> **THE DATA**:
· · ·

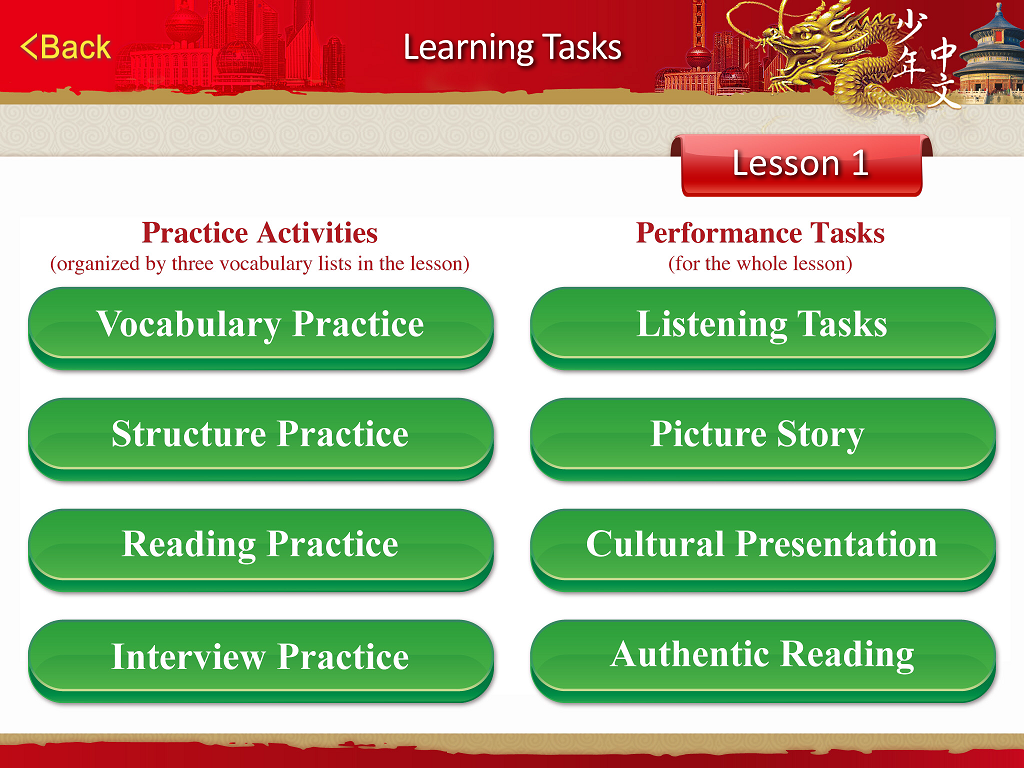There are eight learning tasks in each lesson.
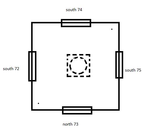A 15' x 15' room with a trapdoor in the center of the floor, a grate in the center of the ceiling, and doors in the center of each wall. Only the north door is locked.
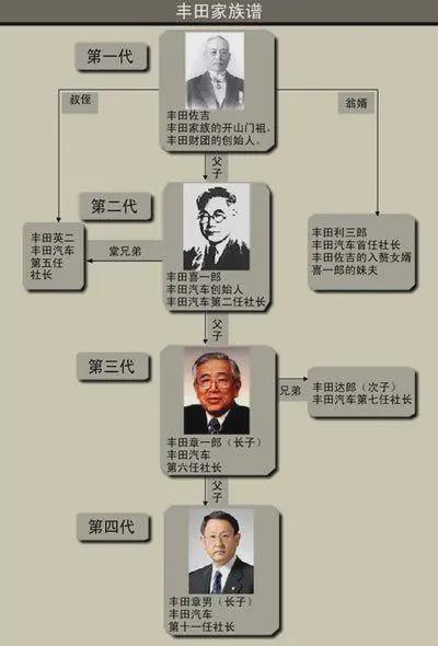 丰田章男,丰田家族的第四代长孙,是含着金汤匙出生的豪门公子。他的爷爷是丰田汽车创始人丰田喜一郎,堂爷爷是日本汽车界与本田宗一郎齐名的殿堂级人物丰田英二,父亲是丰田汽车第六任社长丰田章一郎,奶奶为日本高级百货公司高岛屋总裁饭田新七的女儿二十子,母亲是原三井银行董事三井高长的女儿博子……虽然出生在这样的豪门之中,但在丰田章男的身上,却并没有富家子弟的纨绔之风。丰田章一郎一再告诫他,他不会因家族沾光。
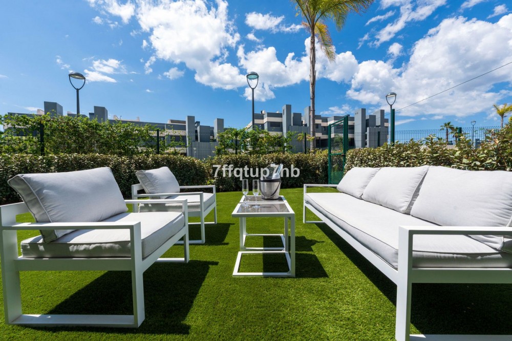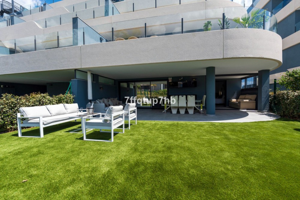 - We are delighted to present this beautiful corner ground floor apartment, nestled in Phase II of the exclusive Oasis 325 development—named for the 325 days of sunshine Estepona enjoys each year. This 3-bedroom apartment features an open-plan design, seamlessly integrating a modern, fully equipped kitchen with the living area. The space opens onto a spectacular south-facing terrace and a private 80 m² garden, perfect for basking in the endless sunlight that characterizes the Costa del Sol. Two of the three bedrooms boast stylish en-suite bathrooms. The master suite offers direct access to a private terrace, fully enclosed with glass curtains, providing the perfect spot to relax in total privacy and enjoy the sunrise without leaving your room. Every detail of this apartment has been thoughtfully designed to combine functionality and style. The kitchen has been expanded with extra cabinetry and a perfectly integrated XL fridge. Additional conveniences include a separate laundry room, an independent storage room, and one underground parking space—making this home as practical as it is luxurious. All bedrooms are equipped with fully fitted built-in wardrobes and electric blinds for maximum comfort. Enhance your lifestyle with the resort-style amenities offered by this residential complex: lush gardens, outdoor swimming pools, a fully equipped gym, a luxurious spa with hammam and sauna, as well as a yoga and fitness studio—allowing you to relax or maintain an active lifestyle without leaving home. Additionally, there is a complete coworking space with a business center to meet all your professional needs. Oasis 325 enjoys a privileged location on the renowned New Golden Mile, just 10 minutes from Estepona and 15 minutes from Marbella. It is adjacent to La Resina Golf Course, 2 km from Atlas American School, and close to the popular Selwo Safari Park. Only 4 km from the beach, you can enjoy elegant beach clubs and gourmet restaurants nearby. Don’t miss the opportunity to experience everything this property has to offer. Delivered fully furnished and ready to move in!

· · ·

> **EXERCISE**:
Once the line with "A 15' x 15'" is found in the data above, reproduce it and each line after it exactly, through the line with "丰田章男,丰田家族的第四代长". Omit the pictures.

> **TASK OUTPUT**:
A 15' x 15' room with a trapdoor in the center of the floor, a grate in the center of the ceiling, and doors in the center of each wall. Only the north door is locked.
 丰田章男,丰田家族的第四代长孙,是含着金汤匙出生的豪门公子。他的爷爷是丰田汽车创始人丰田喜一郎,堂爷爷是日本汽车界与本田宗一郎齐名的殿堂级人物丰田英二,父亲是丰田汽车第六任社长丰田章一郎,奶奶为日本高级百货公司高岛屋总裁饭田新七的女儿二十子,母亲是原三井银行董事三井高长的女儿博子……虽然出生在这样的豪门之中,但在丰田章男的身上,却并没有富家子弟的纨绔之风。丰田章一郎一再告诫他,他不会因家族沾光。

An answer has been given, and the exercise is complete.